You might have noticed that all of those files follow a naming convention i.e. they are prefixed with something like „mc-1-big-“. That naming convention provides additional information about the SSTable. For example, „mc“ indicates the SSTable format version and „1“ is a counter which is incremented if compaction occurs, because SSTables are immutable.

For some more background information I recommend a paper called Bigtable: A Distributed Storage System for Structured Data. Bigtable itself uses the SSTable file format to store data. Initially, Apache Cassandra borrowed the SSTable file format from Bigtable.

SSTable Data Model

Now, to get an idea about the SSTable data model, I recommend a tool called sstabledump which is distributed along with Apache Cassandra. It is available since version 3.0.4. For version 2.2 and before, use another tool called sstable2json. Both tools can export the content of a SSTable file to the JSON format.

The JSON export shows that SSTable data files are composed of partitions and their rows. This is different compared to earlier versions of Apache Cassandra (before 3.0) where SSTable files were composed of partitions and their cells. Each partition is identified by one or more partition keys. Each row by one or more clustering values. If you worked with CQL before, you might be quite comfortable with the new layout, as it is pretty much the same how data is actually represented in CQL.

To provide a better understanding of what is shown in the above JSON, I created an entity-relationship diagram (listed below) with the primary entities derived from the above JSON and how they relate to each other. Each partition is followed by an arbitrary amount of rows. And rows are followed by an arbitrary amount of cells. Row and Cell are weak entities because a partition is required for them to be identified.

Further on, a row is described by type, position, clustering values, liveness information and cells. Note that rows within one partition are sorted by their clustering values. The listing above shows rows of type „row“ only. Another row type for example is „static_block“. That type is used for CQL static columns. Instead of repeating static column values, they are only stored once per partition.

For each cell the column name and it’s value is stored. Before 3.0 the clustering column values were repeated for each cell. I recommend this DataStax blog post if you are especially interested in the storage format changes made in Apache Cassandra 3.0 and how those changes affect disk space usage.

The liveness information might be overridden for each cell.

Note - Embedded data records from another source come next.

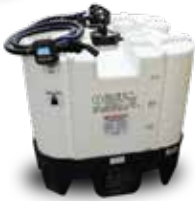
SNYDER TANK Easily converted to a GEM Cap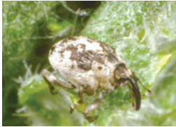
Fig. 6 Hadroplactus litura (Canada thistle stem mining weevil)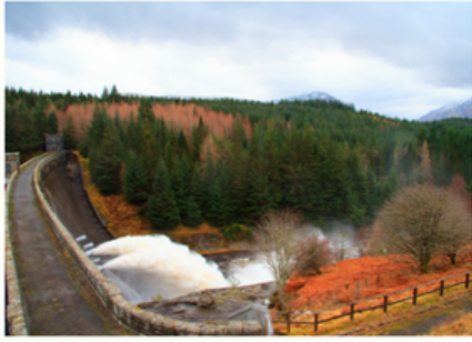
Scottish Highlands, Scotland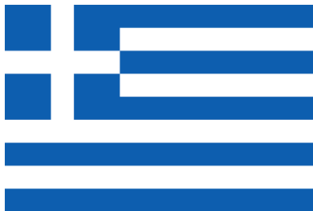
The Greek flag

Etwinning project June 2024 First Class of Pentavrysos Junior High School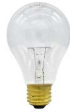
Incandescent Lamp Included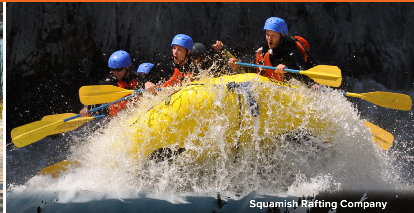
Squamish Rafting Company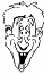
C. AUTHOR3 Organisation 3 Place 3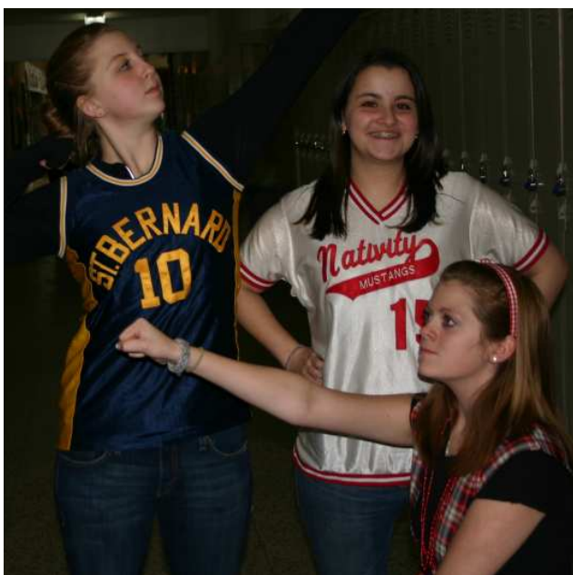
Students show their school pride

Thursday was the annual Variety Show and Green and Gold Dress Down Day. The week culminated with an ice cream social and a dress down day for the benefit of the victims in Haiti. All in all, a great week!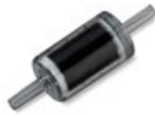
Active carbon filter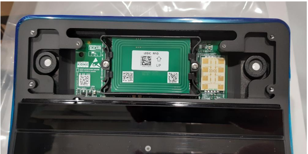
KSP 1068 -L Access glass removed

(Top side of the "KSP Access module" visible behind aluminum frame in -L Legic configuration)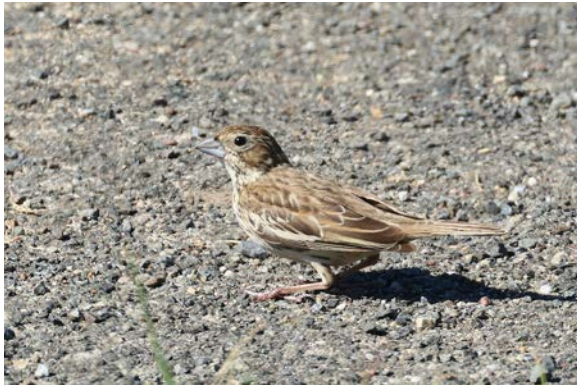
New Jersey's ninth Lark Bunting and the second for Liberty State Park, 6 October 2024.

The female/immature Lark Bunting at Liberty State Park was just the ninth state record and the first in 8 years. Fortunately, it spent most of the day at the Waterfront Walkway and was seen by many lucky observers.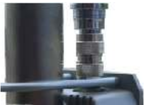
Complete installation kit is provided as standard part of the package. It makes installation fast, easy, and durable.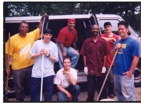
“The Ranch” Staff & Students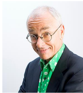
Dr Karl Kruszelnicki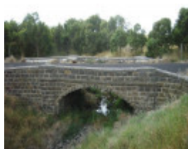
BRIDGE SOHE 2008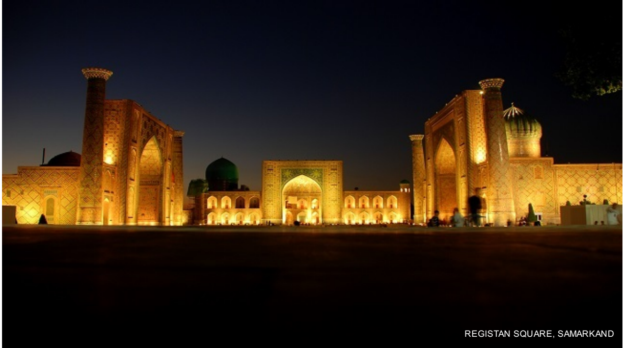
REGISTAN SQUARE, SAMARKAND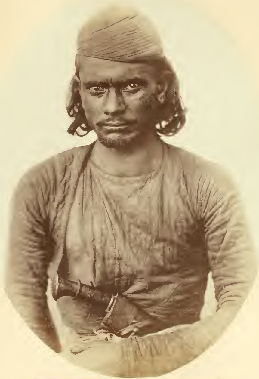
KUS OR KHAS. GOORKHA-DOMINANT TRIBE. NIPAL. (70)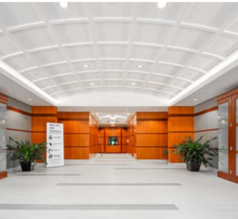
Bright and welcoming lobby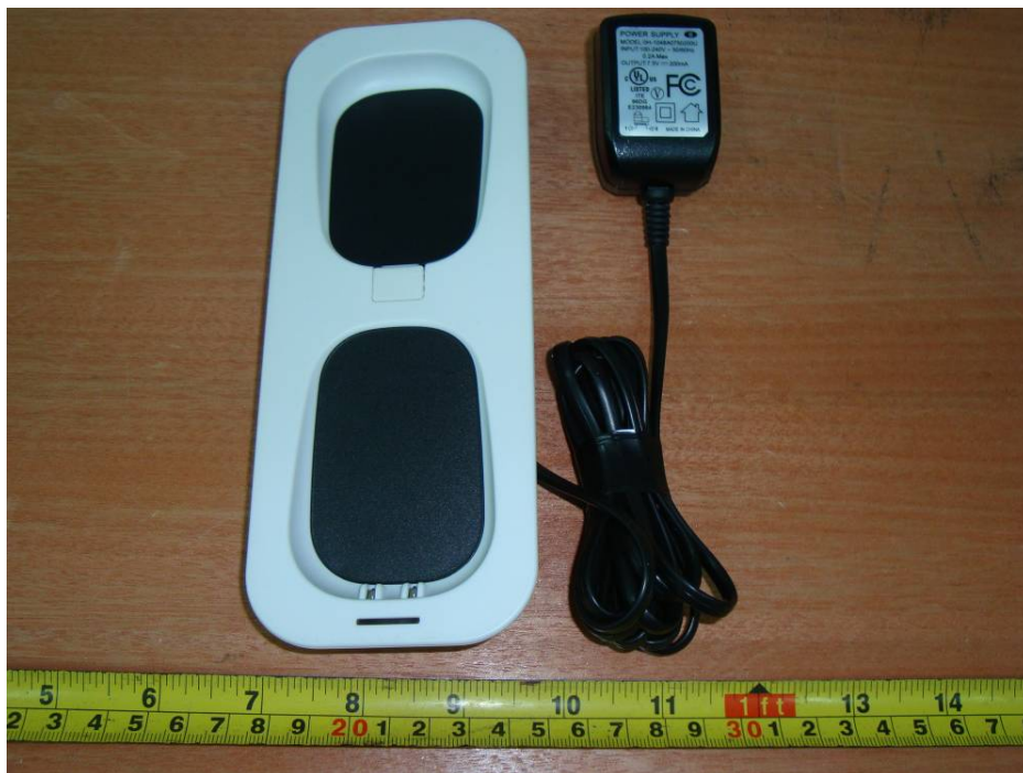
Charger – Top View

By default however the row level liveness information applies to each cell respectively and the information is stored only once.

Storage Format and CQL

Although the partitions above look like being sorted (first key „1“, second key „2“) that’s just accidental. Rows within one partition on the other hand are always sorted by their clustering column values i.e. the „created_on“ column. By default those values are sorted ascending, but could be descending as well.

Because rows are sorted by clustering column values on disk, time range queries or range queries on clustering columns within one partition in general, perform fast with Apache Cassandra.

The storage format also explains why you usually must limit your queries to one or more partitions. For example if you want to use the ORDER BY clause. Because scanning all data (possibly across multiple nodes) is too expensive.

Furthermore, null values for regular cells are not stored on disk at all (illustrated by comment author „Bob“ from the demo setup above). Regarding schema modeling that’s a nice-to-know.

Final remarks

The sstabledump mentioned above provides some more options. One of those („-d“) allows you to see an CQL row per line internal representation of your SSTable data file. That output is more compact and more precise but also a bit more difficult to understand.

As usual, I hope you enjoyed reading this article.